Em mais um acometimento saudosista, (sintoma de velhice?) permito-me falar do Rio Antigo. Devo preocupar-me? Curioso, pois não me ocupo de atualidades; careço de memória recente. Alzheimer? Sei lá. Mas as memórias antigas são bem mais prazerosas... Talvez por causa do intenso vivido, das relações sem malícia ou afetação. Portanto, fixo-me em meu Rio de Janeiro; não o de agora, mas o de então, aquele que conheci, o que convivi, o que compartilhei.

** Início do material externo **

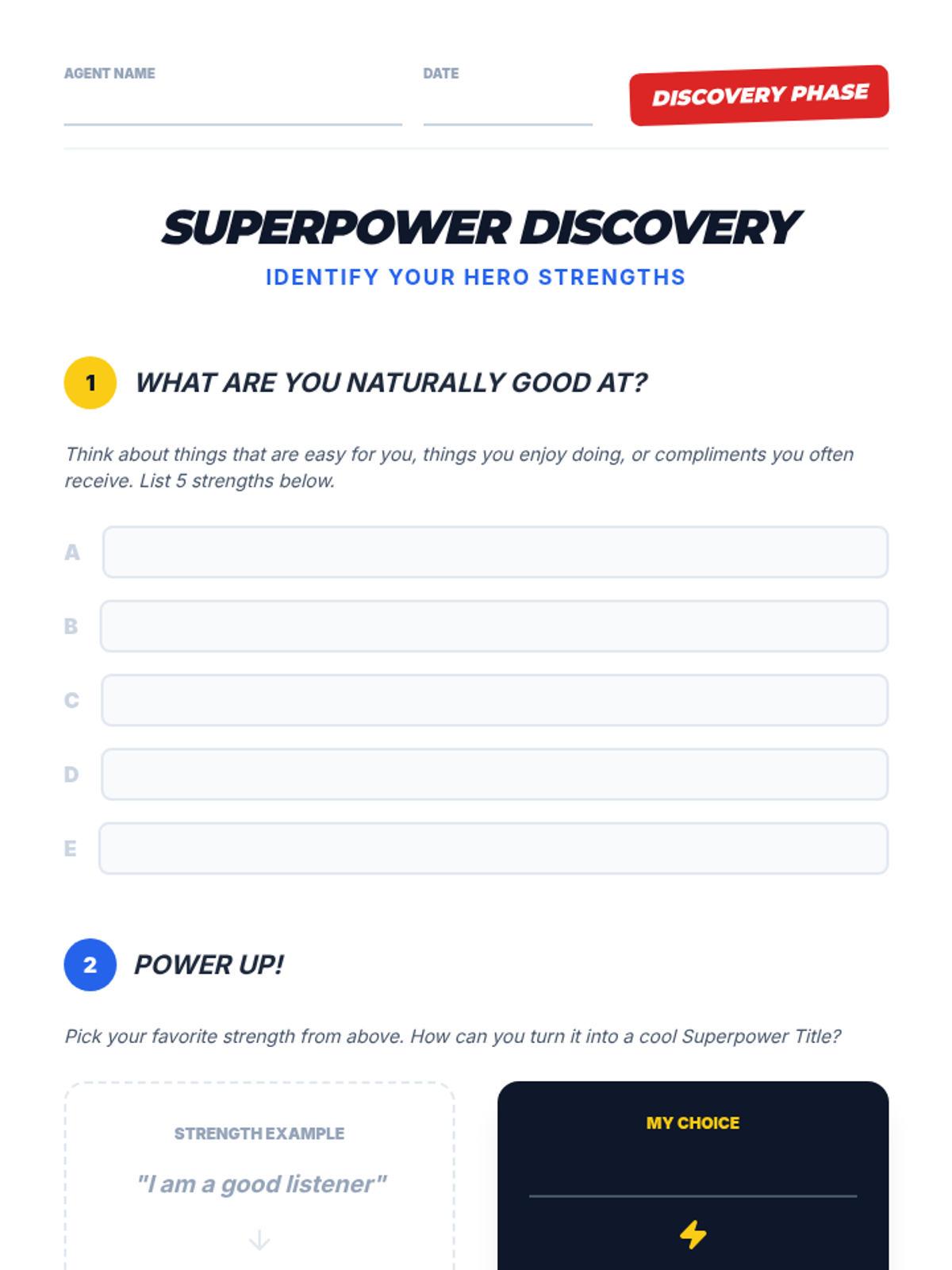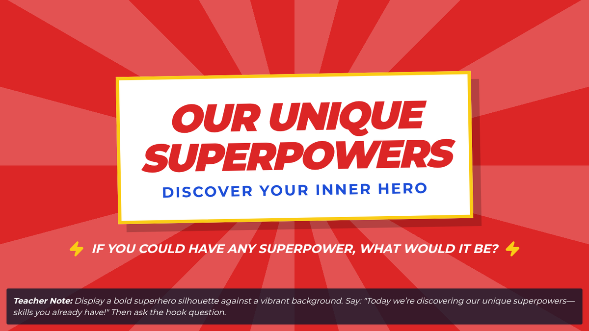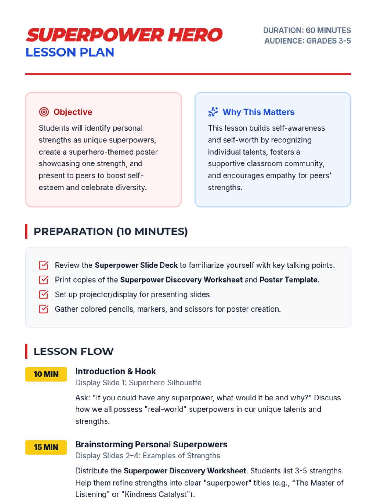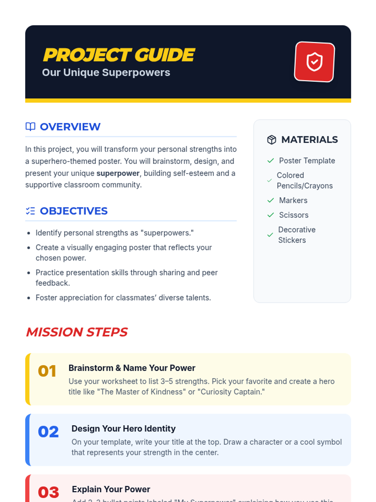 A 60-minute lesson for grades 3-5 that empowers students to identify and celebrate their personal strengths as unique 'superpowers' through creative project-based learning.

Eu ainda menino, anos cinquentas... Calças
curtas e cabelo à escovinha a acompanhar papai e mamãe em suas visitações. Mais
tarde, adolescente, no bonde que muito me conduziu ao colégio. Eu dependurado
no estribo, a imitar algum tipo de herói e saltar do vagão em movimento na
curva frontal à Ladeira do Vintém, no Meyer. Quanta emoção! Sim, naquela época não
havia surf, parapente, asa delta, bungee jump ou similares.
Recordo-me do intenso tráfego de
bondes no Tabuleiro da Baiana, Largo da Carioca, entre a Rua Senador Dantas e a
Avenida Treze de Maio. Ali era o ponto final; ali eu embarcava para visitar a
mãe de uma saudosa tia na Rua Farani, em Botafogo. O bonde, não obstante dito
ultrapassado e por muitos demonizado, traz-me tão boas lembranças que, ainda
hoje, arrisco-me por Santa Tereza. Lá fico a olhar para suas ruas, pedras,
calçamentos, os trilhos...
Dentre tantas lembranças, no entanto, uma
mais se destaca: O Bonde Alegria. Uma dúvida: a Rua da Alegria seria alegre ou
como todos nós também conheceria a mágoa? Alegria, por vezes, rima com
melancolia. Bem, eu embarcava geralmente no Largo da Cancela; ele vinha lotado.
Embora bastante jovem, ainda recordo-me de alguns gracejos que a “elite”
masculina dirigia às mulheres, haja vista a turbamulta. Eram coisas do tipo: “Sempre
haverá um lugar em meu colo” ou então “A senhora pode vir, pois o engate está
livre”. Apesar de a pervertida conotação, nosso bonde não se chamava Desejo, e asseguro-vos
de que não haviam personagens como Blanche ou Stanley criados por um Tennessee
Williams.
De súbito, meu saudosismo sente-se
acanhado, desmotivado; o rótulo de extemporâneo faz-se presente, o real impõe-se
e exige reparação. O espírito, então, abate-se, esmorece e conhece algo de
tristeza, de abatimento. Todavia, fica a pergunta: por que as boas lembranças
sempre são capazes de nos proporcionar o refrigério que a vida, em si,
empenha-se em negar?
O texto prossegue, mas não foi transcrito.